In 1840, he moved to the Habsburg residence town and one year later began his exemplary career with the lease of the run-down brewery St. Marx on the Landstraßer Hauptstraße 173 – 175. Very quickly he prevailed against the overpowering competition of Dreher by being the first to produce year-round bottom-fermented beer, the so-called “Abzugsbier” (drawn off from the fermenting vats in storage barrels to complete the fermentation process). His main objectives were to improve the quality of this good beer, which until then could only be brewed in the cool season, and to deliver it when it was needed most, in summer. Initially, in the first quarter of the year he brewed over and above demand, storing the extracted stock in ice cellars and delivering it in April. However, this beer was not suitable for longer storage, and the investments for very large storage cellars were too high. The alternative, however, was to brew bottom-fermented throughout the summer. As early as 1843, the technically innovative brewery specialist therefore developed cooling devices with pipe systems through which water was fed with ice pieces and ice floats in the fermenting vats. He also created a new type of storage room, the “normal beer storage cellar system Mautner”, whose ice cooling made it possible to serve cool beer during the hot season. This considerable increase in production finally secured his reputation and the reputation of his brewery. He won the landlords for his product by offering them a ready, yeast-free “Abzugsbier”.

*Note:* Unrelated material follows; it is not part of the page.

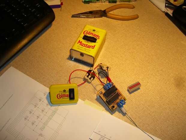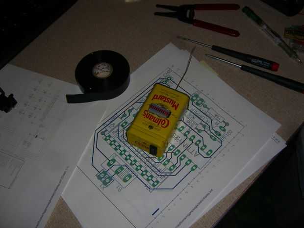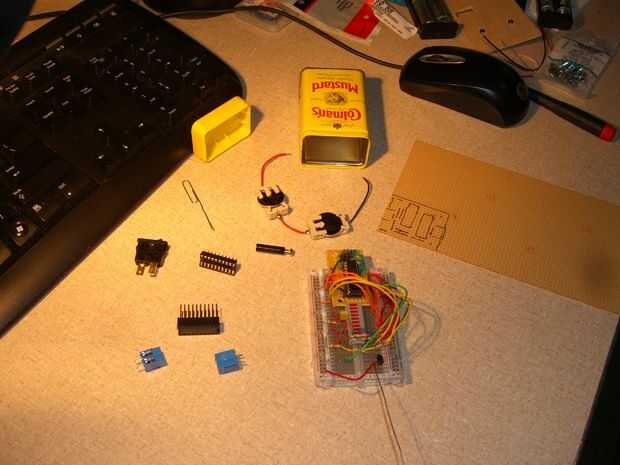 Había soldado el portapilas y el interruptor a y me une a los bloques de terminales. También usé una anilla para sujetar la lata a la tierra del circuito. Me reveló un clip utilizado como la sonda y esto había unido al bloque de terminales adecuado. Pasa el clip de papel enderezado por un borrador que serviría como un aislante y un soporte. Con el zócalo wirewrap, la pantalla LED asomaba a través de la lata, para que esto tuvo que ser insertada después de instala el perfboard. El perfboard era un ajuste mucho más de lo previsto (ya que los bloques de terminales eran más altos de lo esperado), pero un poco de exprimir y maniobras hizo el truco.

Through rationalization measures, multiple extensions, the construction of a malt house and brewery in Göding (Moravia) and the use of a steam engine from 1845 onwards, the production figures were constantly increased (in 1840 36,000 hl and in 1876 already 267,000 hl were produced).

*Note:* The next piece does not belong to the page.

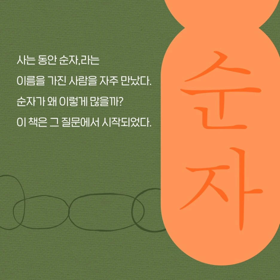 내친김에 인터넷을 뒤져 봤어. 시대별로 가장 흔한 여자 이름 순위 쉽게 찾을 수 있었어. 40년대 가장 흔한 이름이 '순자'였다면 그다음엔 '0숙'이었지. 우째 그렇게도 뻔한 이름을 돌려 막기 했을꼬. 순자 씨가 태어난 40년대와 내가 태어난 60년대, 강산이 두 번 바뀔 시간이 흘렀건만, 그게 대수겠어? 이 땅에 나고 자란 여성이 경험하는 삶이란 알고 보면 거기서 거기다 이거야. 아 참, 내 이름이 어떻게 지어졌나 내가 이야기했던가?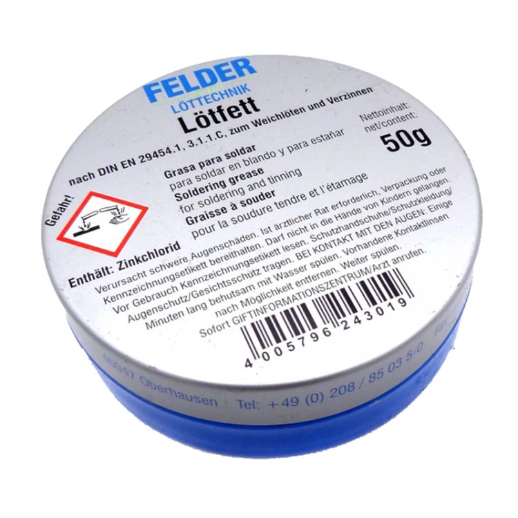 - کیفیت بسیار عالی و مرغوب نسبت به قوطی زرد و قوطی آبی - وزن خاص: ۵۰ گرم - حاوی کلرید روی (ZnCl۲) - قابل استفاده برای لحیم کاری لوله های مسی و آلیاژهای مس ، برنج به دلیل کیفیت بالای محصول - ساخت کشور آلمان

Adolf Ignaz also ensured the success of his company with other products. Yeast, previously obtained from the top-fermented brewing process and then used for the production of white biscuits, had become a scarce commodity. Together with his son-in-law, the Graz brewer Johann Peter Reininghaus and his brother, the chemist Julius, he developed the “Wiener Abschöpfverfahren” (method to skim off beer) in 1847 for the production of high-quality baker’s yeast, which went into production in 1850.

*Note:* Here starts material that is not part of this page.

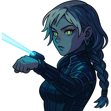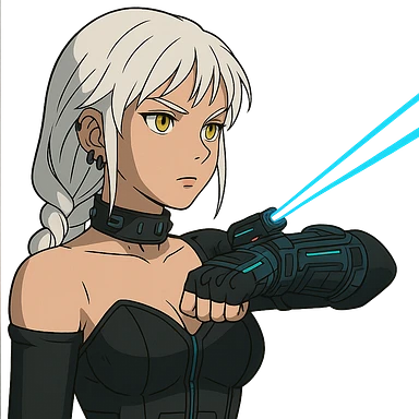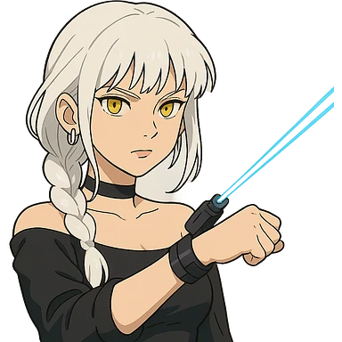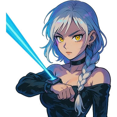 young woman with gold yellow eyes, white hair, long braid, black off-shoulder top, punk gothic style, futuristic cyberwave cyberpunk,, she is calmly t-posing , there is a small bonfire in front of her illustration | AI Emoji Generator

This led to a stimulation of the export of Hungarian flour to Western Europe, whose sticky varieties were only suitable for “white bakeries” after the addition of compressed yeast. The development of the industrial production of compressed yeast, for which he not only won a prize awarded by the Viennese Bakers’ Guild and was awarded the Gold Medal of the Lower Austrian Trade Association, but also the process of which was subsequently accepted worldwide, finally secured his breakthrough and was at the same time a milestone in his life’s work.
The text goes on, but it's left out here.